Gentle breath of yours my sails
Must fill, or else my project fails,
Which was to please. Now I want
Spirits to enforce, art to enchant . . .
William Shakespeare, The Tempest, Act 5, Epilogue

decorated initial 'I'n his final speech, Prospero recognizes the necessity for a friendly collusion between the audience and the performer in order that the illusion of fantasy prevails. Victorian fairy painters and illustrators depended upon a similar supportive relationship as they conjured up "realms of faerie" for appreciative spectators.

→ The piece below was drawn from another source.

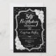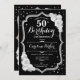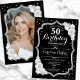 Elegant Black Silver White Photo 50th Birthday Invitation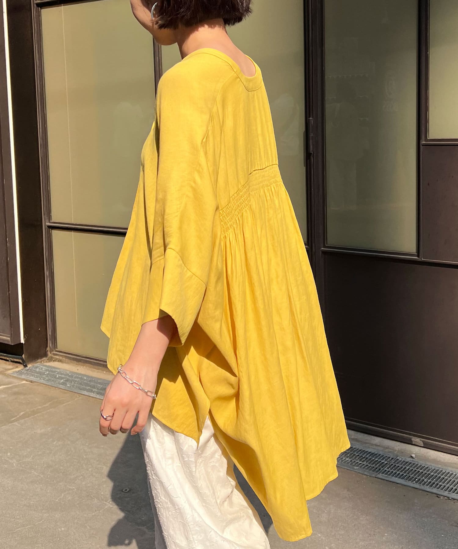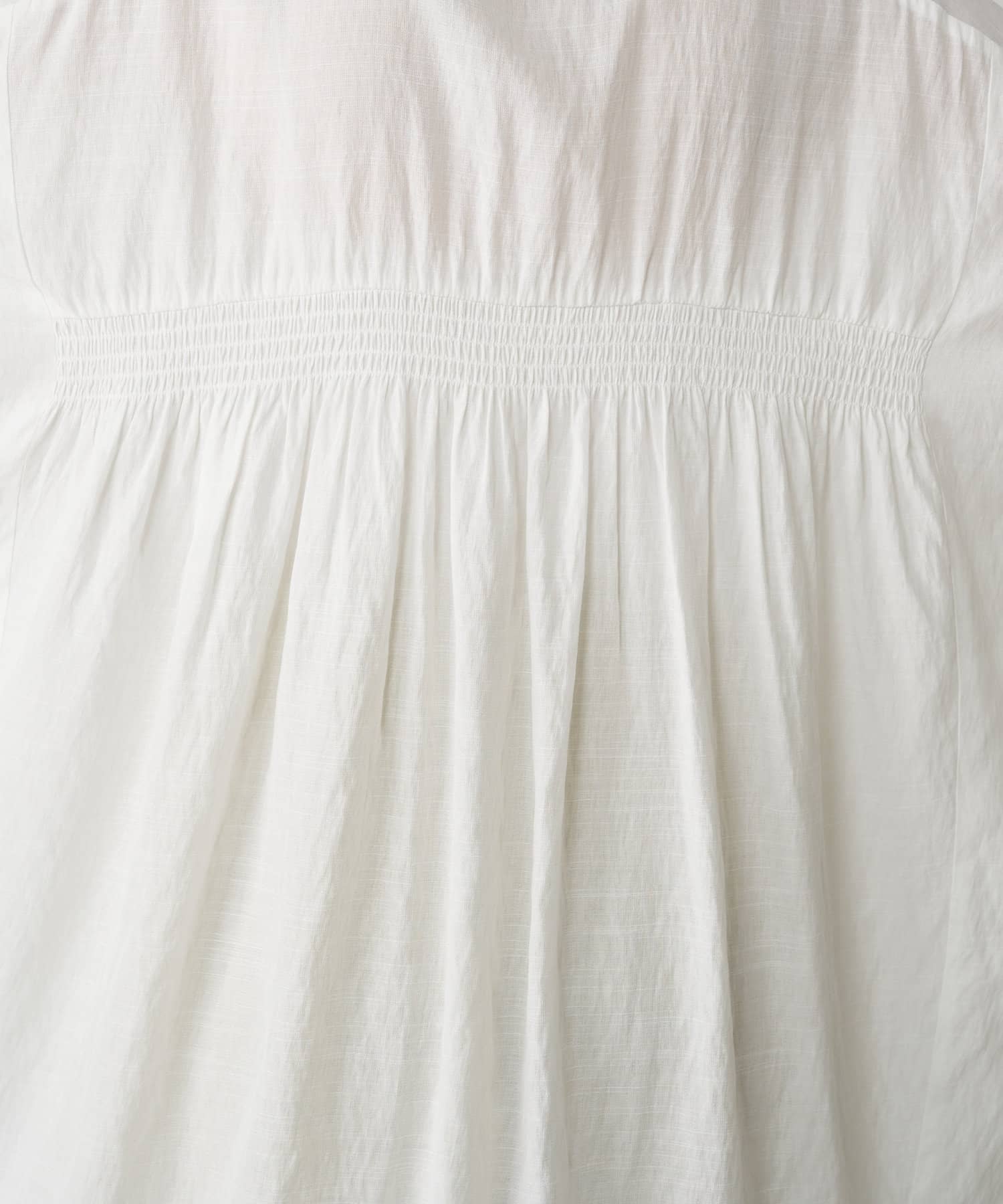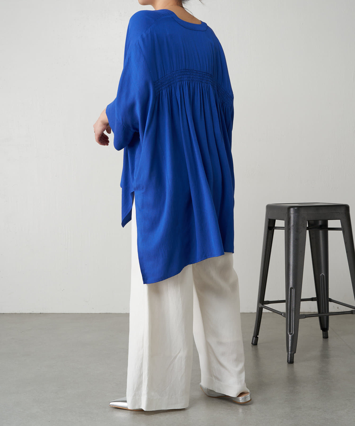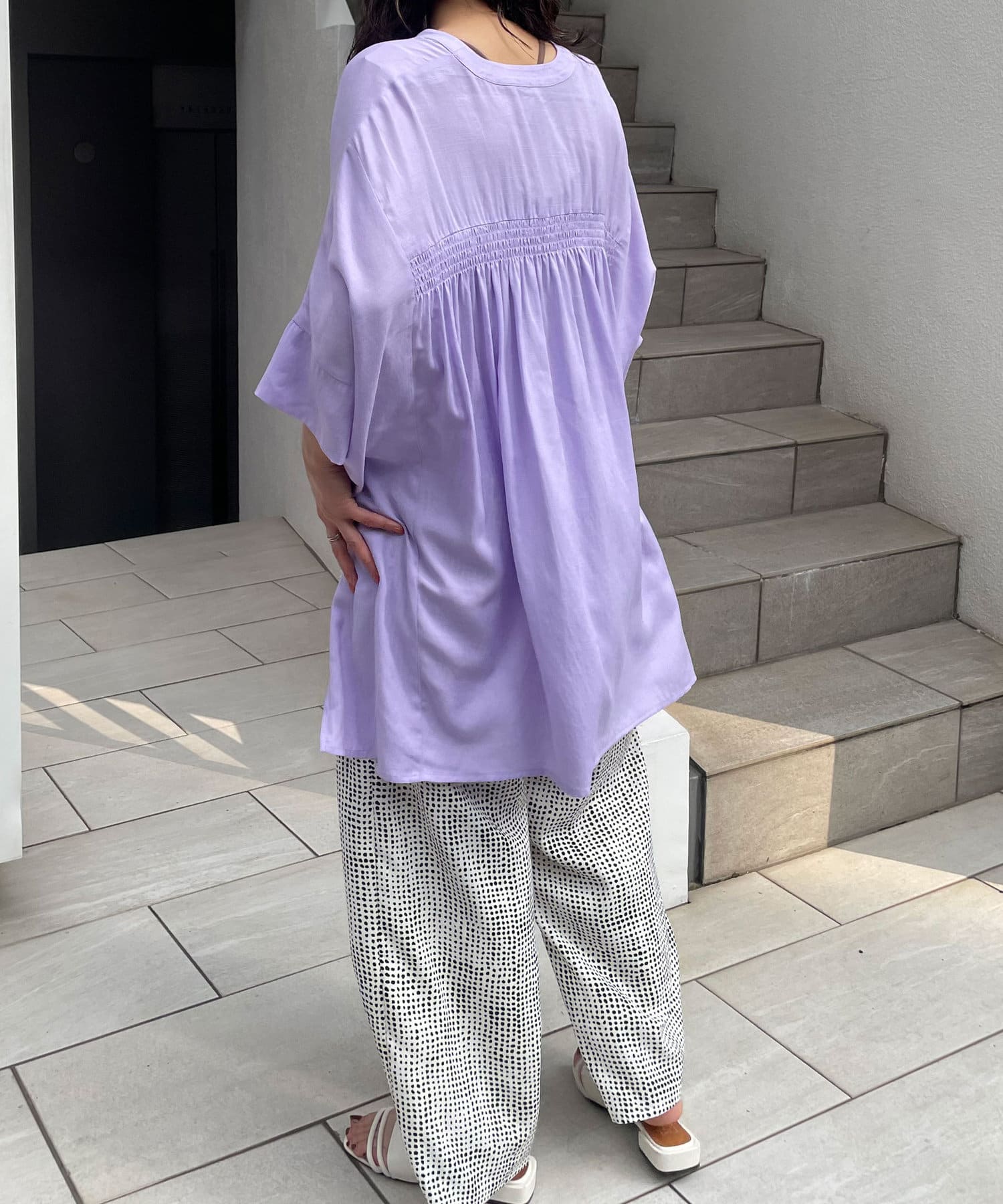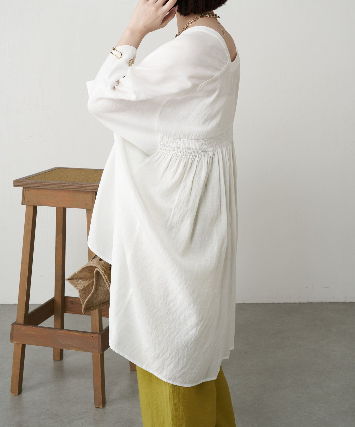 ・シンプルながらもシャーリングデザインがポイントに女性らしい印象でお召いただけます。

Their enthusiastic admirers included such diverse luminaries as Queen Victoria, Charles Dodgson (better known as Lewis Carroll), William Makepeace Thackeray, Charles Dickens, John Ruskin, and Samuel Carter Hall. Fairy paintings appeared regularly in Royal Academy exhibitions throughout the nineteenth century and well into the twentieth. Most of the artists from the early Victorian period took their subjects from the plays of Shakespeare, most notably A Midsummer Night's Dream and The Tempest, and the poetry of Milton and Spenser. They usually added imaginative details to these works culled from folklore and fairy tales. An even larger audience for fairy images emerged with the expanding readership of illustrated books and magazines after midcentury.

Artists chose to paint fairy pictures for a variety of reasons. Some artists, like Daniel Maclise, Richard Dadd, and Joseph Noel Paton, chose fairy painting as one way to establish their professional careers and to solicit critical and public recognition. For Dadd and Paton fairy subjects remained a lifelong passion. Other artists, such as John Anster Fitzgerald, John Simmons, Robert Huskisson, and John Atkinson Grimshaw, developed a popular following for their small fantasy works, which mixed fairy scenes with eroticism and dream imagery. Even such established artists as William Etty, J. M. W. Turner, and Edwin Landseer took advantage of the genre's popularity in the 1840s and painted their own versions of fairyland. The Pre-Raphaelite artists John Everett Millais, William Bell Scott, and Arthur Hughes found an interest in fairy subject matter that engaged them with varied success. Of the three, Hughes went on to make a name for himself as a fantasy illustrator.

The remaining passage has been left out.